Black Mirror no longer has the shock factor.
There was nothing particularly “new” about the types of technology or themes explored in the latest offering of Netflix’s dystopian anthology series. In a way, each episode’s “twist” has become pretty predictable. Like a magician revealing how the prestige is done, we all now know what to expect as the series progresses. Chekov’s Gun is pretty obvious in each storyline if you’ve ever watched Black Mirror before. We’ve seen memory recall devices, AI sentience, and reality-blurring virtual experiences, across most episodes—each adding fuel to the fire about how letting technology run amok can lead to a future devoid of human rights.
However, far from the predictability of each episode twist—or it killing off all entertainment value or potential conversations you’d have around the dinner table—the fourth season feels like the end of the crescendo of episodic horror in Charlie Brooker’s magnum opus. And in the spotlight has emerged a philosophical hypothesis that ties together all themes, tropes, and tech seen over previous years—simulation hypothesis.

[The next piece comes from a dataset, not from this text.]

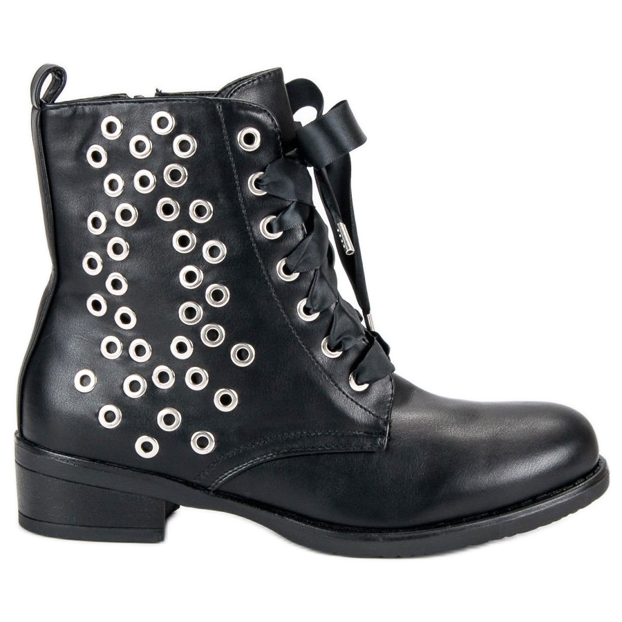 Letar du efter skor som kommer att ge karaktär till varje styling? Här är det perfekta valet! Svarta spetsarbetare är den perfekta accessoaren för kvinnor som vill framhäva sin individualitet och stil. Deras eleganta ovandel dekorerad med unika accenter i form av silverrhinestones på sidan av skon ger dem ett rovdjur och samtidigt moderiktigt utseende.

This theory purports that what we perceive as reality here on earth or across the universe is all part of an artificial simulation—in the most likely scenario, a computer game of some sort. And when debating what is the actual purpose of being part of a simulation, it all comes down to it being a means to an end—a test that yields results for a higher purpose or reason.
Tech visionary and billionaire Elon Musk gave the idea more prominence (accompanied by snark from the media) when he said we’re all part of some advanced civilization’s computer game. His argument is that we only have to look at how quickly even our own civilization has advanced in a short space of time. For example, over just 40 years, the world’s capabilities for gaming tech has radically evolved from two rectangles and a dot in the arcade game Pong, to the elaborate virtual and augmented reality offerings we have today.
“If you assume any rate of improvement at all, then the games will become indistinguishable from reality, even if that rate of advancement drops by a thousand from what it is now,” Musk says. “Then you just say, okay, let’s imagine it’s 10,000 years in the future, which is nothing on the evolutionary scale.”
It’s easy to chalk up the theory as a crazy thought coming from an eccentric billionaire that does not lend any credence to academic reason. However, it’s a hypothesis that physicists as well as philosophers have been discussing for years.
In 2003, philosopher Nick Bostrom discussed in a paper “Are You in a Computer Simulation?” about how the scope and speed of technological advances is making a series of propositions come true. One of those being “we are almost certainly living in a computer simulation.”
Last year, astrophysicist Neil deGrasse Tyson said that he believes the likelihood of our existence being part of an artificial simulation “may be very high” and pegged the odds at 50-50, according to coverage by Scientific American. As part of a debate moderated by deGrasse Tyson, a cosmologist at the Massachusetts Institute of Technology (MIT) pointed out that the more society learns about the universe, the more we discover it appears to be based on mathematical laws. This therefore leads to a feasible assumption that “rigid and mathematical” rules of the universe can be reflective of how computer code is written.
Black Mirror expertly covers each of these notions across all seasons. However, season 4 strings it all altogether—pushing viewers to question not just the distinct and easy possibility of a dystopian future but our own reality as we currently know it. It basically leads us all down the path of an existential crisis which we have no hope of fully realizing— “You’re not going to get proof that we’re not in a simulation, because any evidence that we get could be simulated,” said David Chalmers, a professor of philosophy at New York University.